Therefore, the deep learning thought is combined with the support vector regression method, the traffic flow prediction method based on the deep learning regression machine is provided, the data input of influence factors and the learning and conversion of layer-by-layer information are realized by constructing a multi-layer limited Boltzmann machine structure, and equivalent key information is extracted. And then, inputting the converted equivalent key information into a support vector regression model to realize short-time traffic flow prediction. The short-time traffic flow prediction method combining the deep confidence network model with the support vector regression is also provided, the feature learning is carried out on traffic flow data in the road network by using the deep confidence network model, so that the essential features of the data are mined, and then the traffic flow prediction is carried out by adopting the support vector regression method. There is also a model combining a gated loop unit network (GRU) with support vector regression for predicting short-term traffic flow, which uses the GRU to extract features of the data, and inputs it into the support vector regression model at the top layer of the model to obtain the final predicted output of the model.

Compared with a single support vector regression model, the prediction model combining the deep learning and the support vector regression has the advantages that the deep learning model can be used for extracting the characteristics of the data so as to reduce the dependence of the characteristic extraction on manpower, thereby describing the essential characteristics among the data and improving the prediction precision of the model. In addition, compared with a single deep neural network model, the combination model can realize the generalization performance of data to a greater degree by using the nonlinear kernel function of the support vector regression model, so that the generalization capability of the model is improved.

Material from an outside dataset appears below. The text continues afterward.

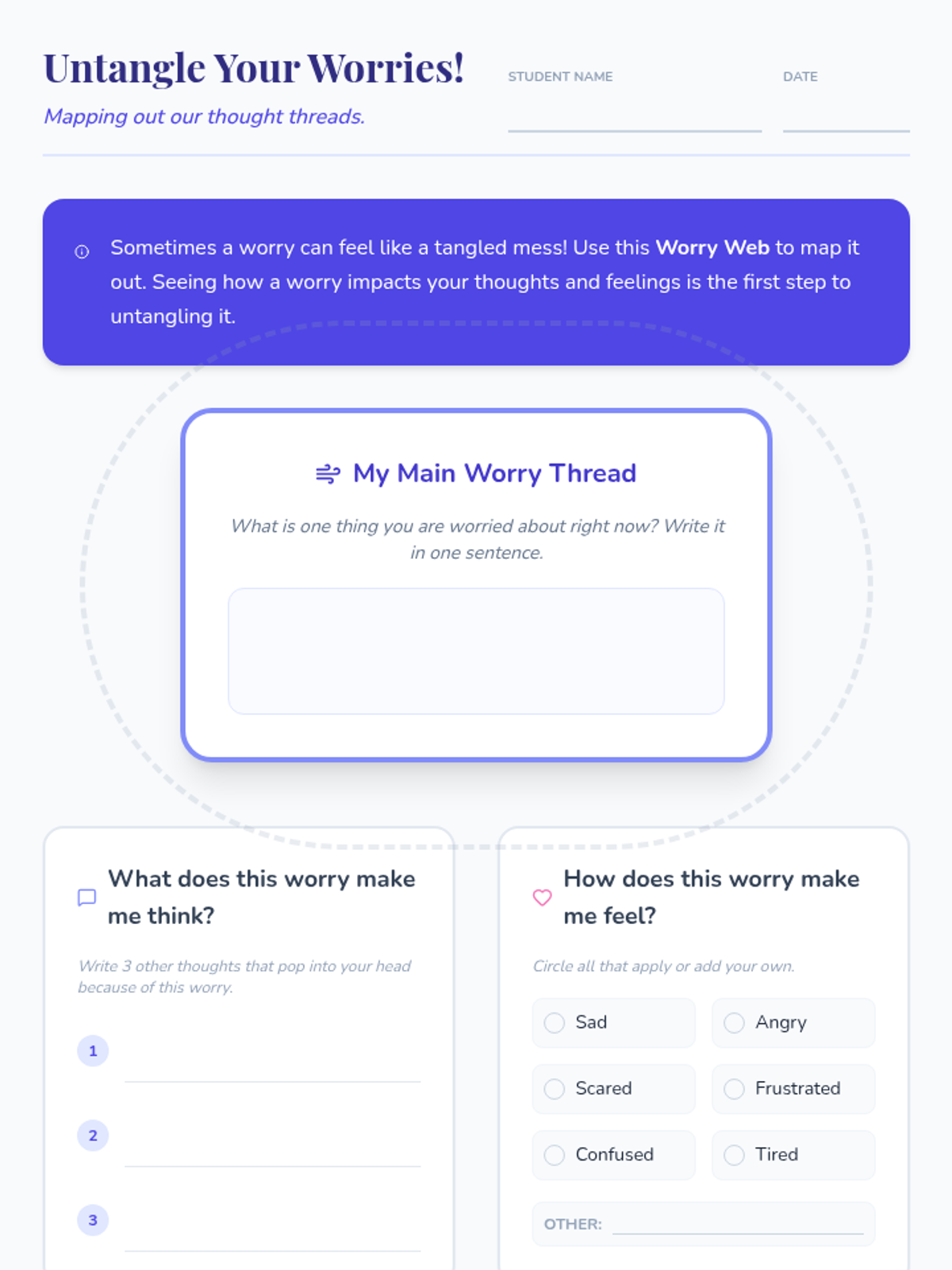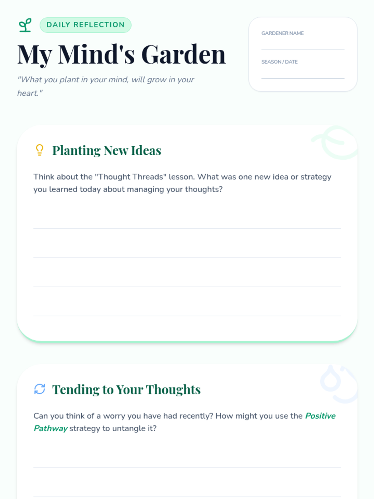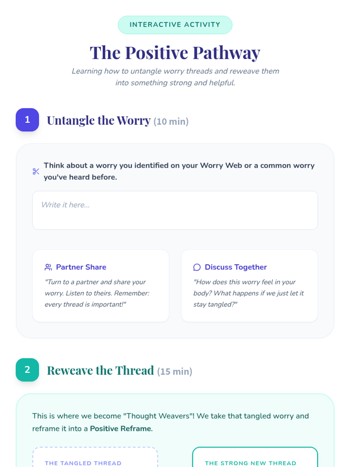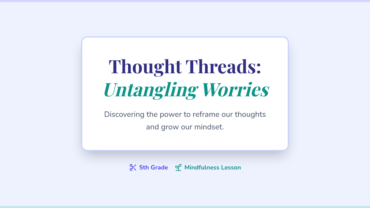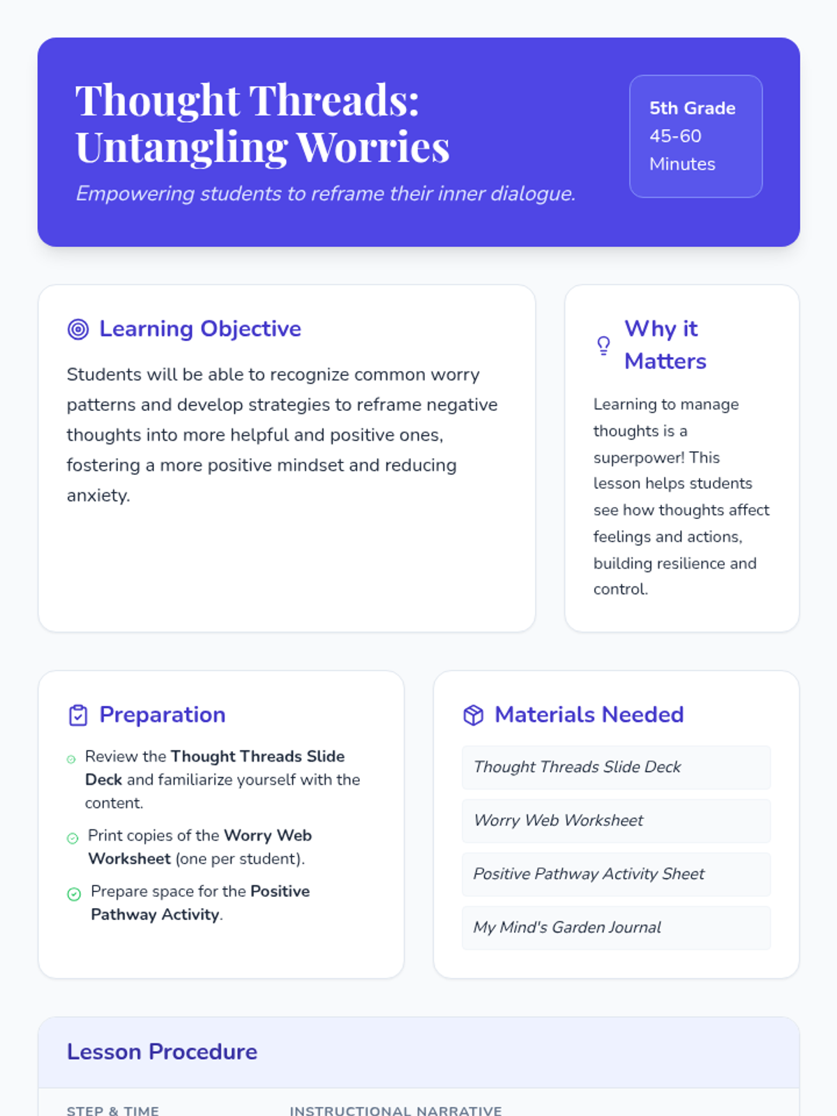 A 5th-grade lesson on recognizing worry patterns and reframing negative thoughts into positive 'threads'. Students will learn to 'untangle' challenging emotions using a 'Worry Web' and a garden-themed reflection journal.
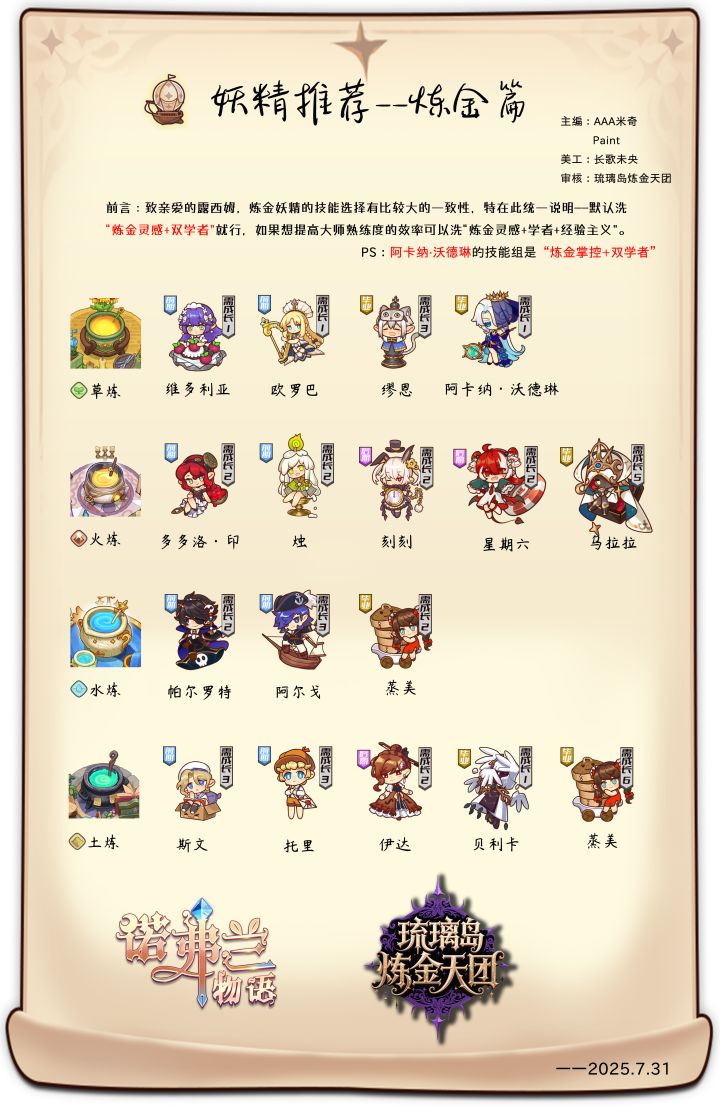 各位露西姆们,久等啦~经过琉璃岛炼金天团的不懈努力,最新的三大妖精推荐攻略完成啦!精心挑选了不重复的妖精组合,为大家献上简单易用的调配方案。PS:放大看更清晰哦!#诺弗兰物语

Specifically, as shown in fig. 1, the embodiment provides a nickel-based alloy fracture toughness prediction method based on deep learning, which includes:

step 101: preprocessing the experimental data of fracture toughness of the nickel-base alloy to obtain an experimental data set;

step 102: performing feature learning and optimization on the experimental data set by using a deep confidence network based on an attention mechanism to obtain an optimized feature vector;

step 103: splicing the optimized feature vector with the original feature vector of the experimental data set to obtain a predicted feature vector;

step 104: and predicting the fracture toughness of the nickel-based alloy through a trained support vector regression model according to the prediction feature vector.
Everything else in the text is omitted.